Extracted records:
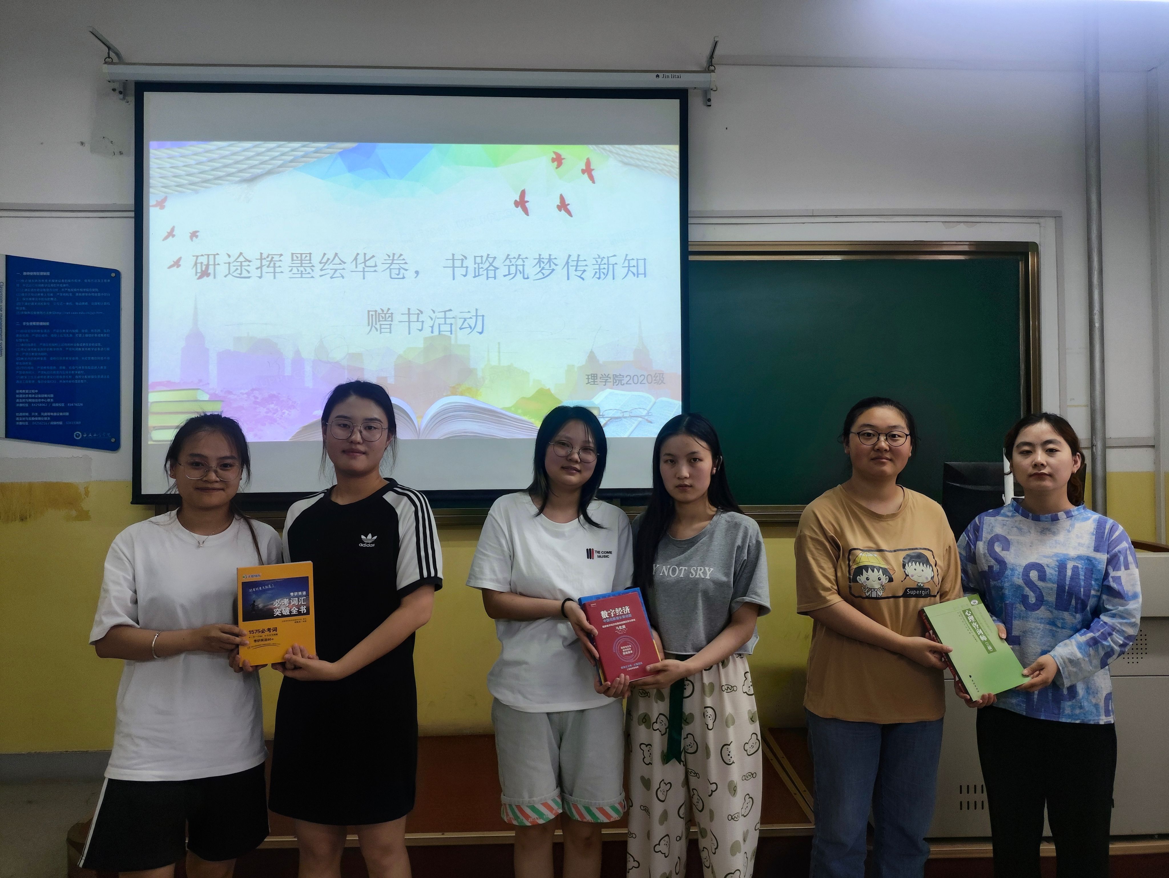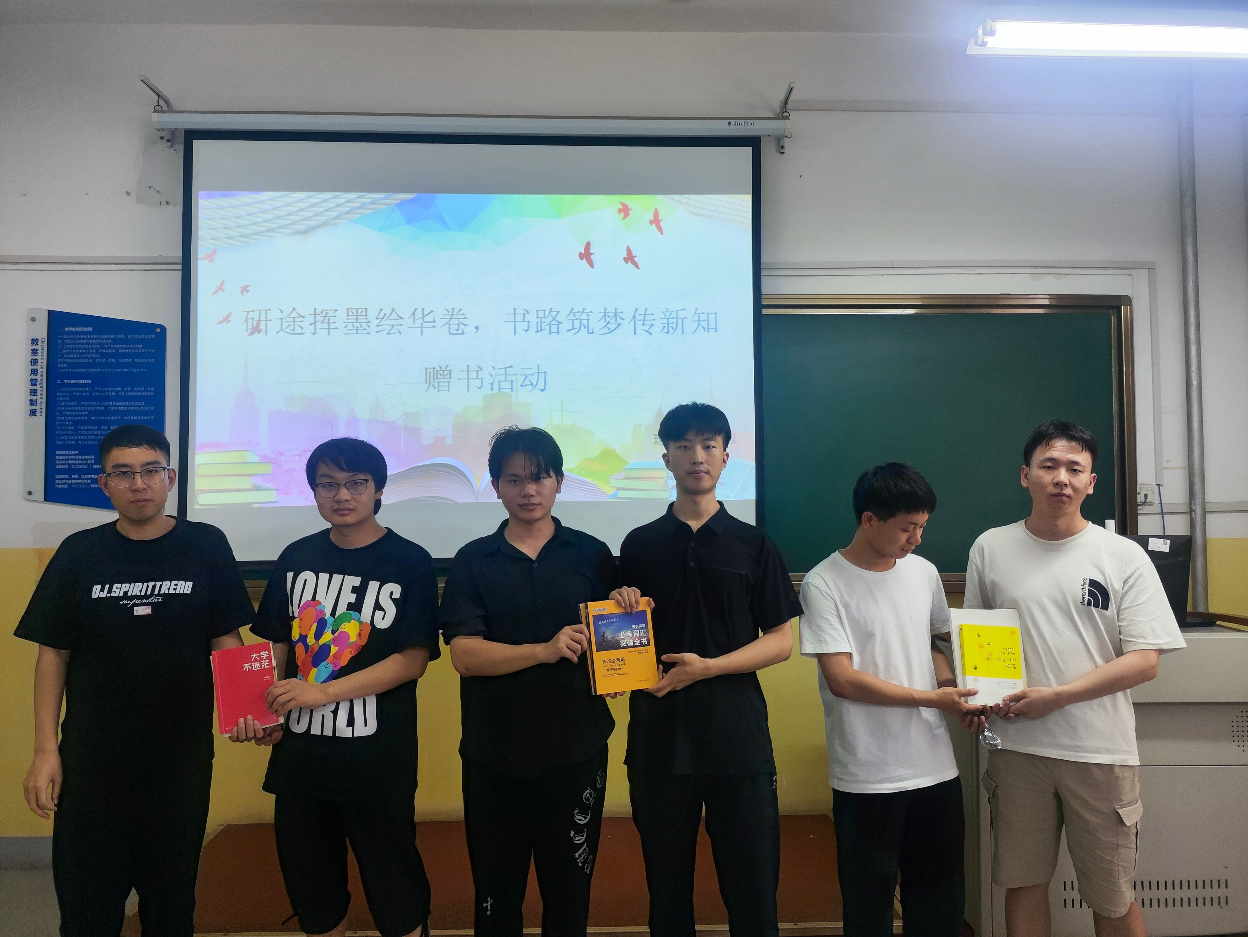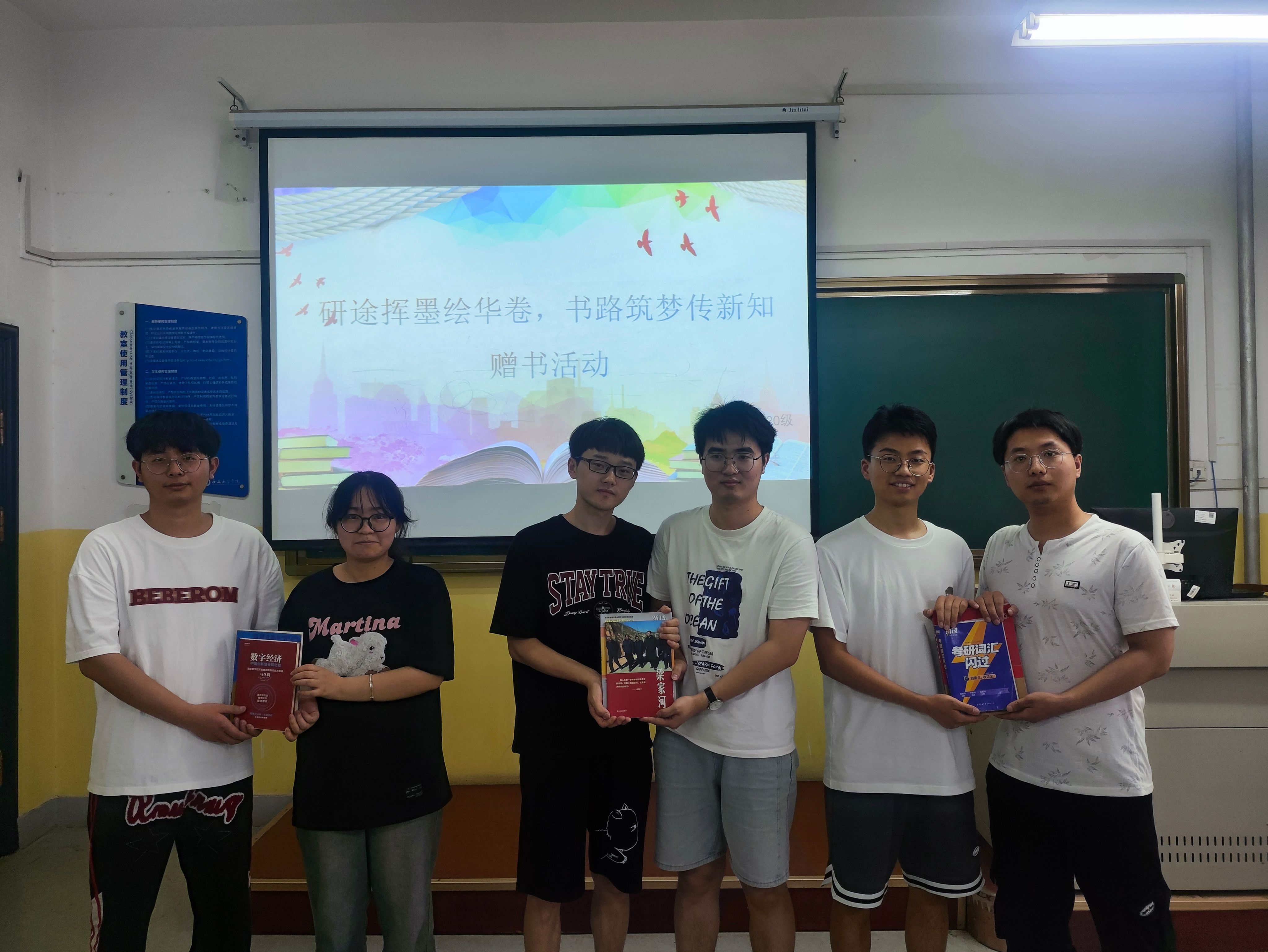 为发扬毕业生“传帮带”精神,建设良好学风,6月14日,Beat365中文官方网站在南楼315教室举办“研途挥墨绘华卷,书路筑梦传新知”毕业生赠书活动,辅导员张岩和各年级部分学生参加。
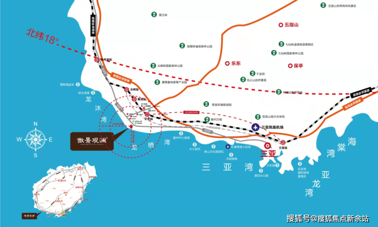 项目至三亚市有三条主干线可达,海南环岛高速,海榆西线(G225)国道和海南环岛高铁。
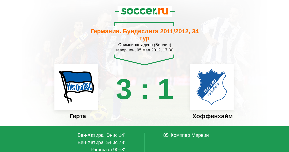 Протокол матча Герта против Хоффенхайм
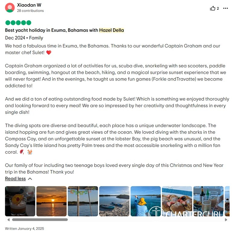 Captain Graham is not just a skilled navigator but also an exceptional host, whose passion for the ocean and the islands shines through in every interaction. He expertly guided us through the stunning waters, sharing fascinating stories about the Exumas, ensuring our safety, and always making us feel at home aboard the Hazel Dela. His enthusiasm for adventure is infectious, and his local knowledge made every stop feel special and unique.
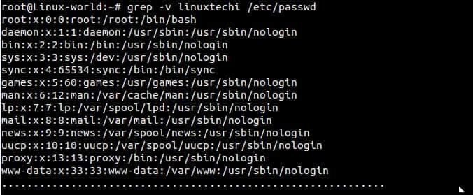 root@Linux-world:~# grep -v linuxtechi /etc/passwd
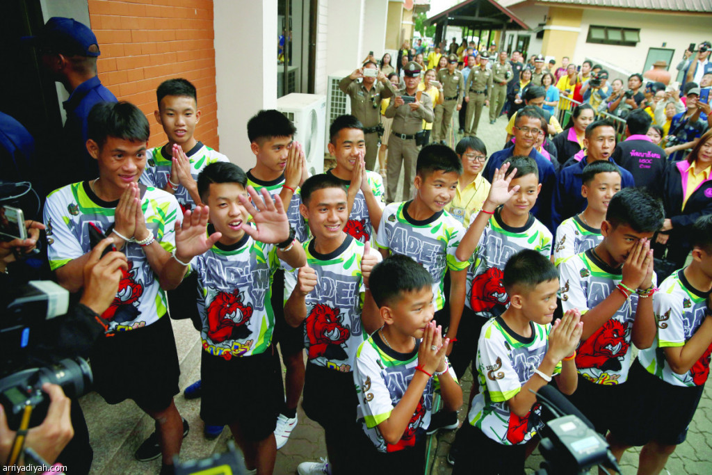 ولوح أمس 12 فتى هم أعضاء فريق ناشئين لكرة القدم ومدربهم وابتسموا وحيوا الناس أمس في أول ظهور علني لهم منذ إنقاذهم. وقال مسؤولون إن الأطفال والمدرب سيجيبون عن أسئلة أرسلها الصحفيون مسبقاً.
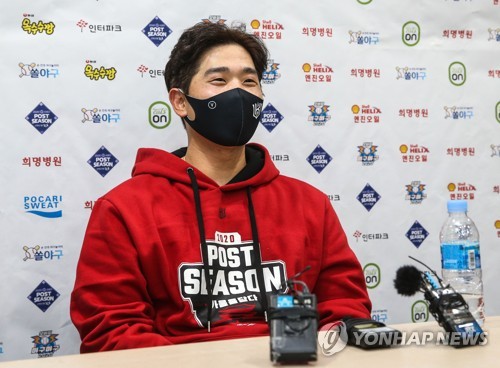 | ▲ Park Kyung-su of the KT Wiz speaks to reporters at Gocheok Sky Dome in Seoul on Nov. 9, 2020, before Game 1 of the second round Korea Baseball Organization postseason series against the Doosan Bears. (Yonhap) |
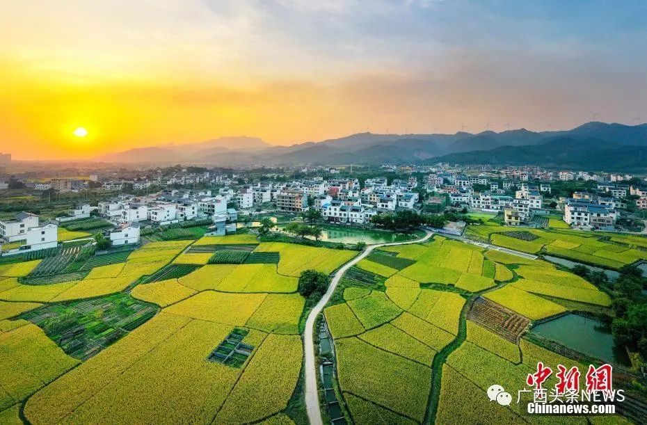 贵港市一村庄田间一派丰收景象,金色田野与错落的村庄相映成趣,构成一幅金光灿烂的美丽乡村田园画卷。张庆杰 摄

TASK GOAL:
Set down exactly, and only, the lines from the one containing "Bears. (Yonhap) |" through the last line of the entries. Pictures do not belong in the copy.

TASK RESULT:
 | ▲ Park Kyung-su of the KT Wiz speaks to reporters at Gocheok Sky Dome in Seoul on Nov. 9, 2020, before Game 1 of the second round Korea Baseball Organization postseason series against the Doosan Bears. (Yonhap) |
 贵港市一村庄田间一派丰收景象,金色田野与错落的村庄相映成趣,构成一幅金光灿烂的美丽乡村田园画卷。张庆杰 摄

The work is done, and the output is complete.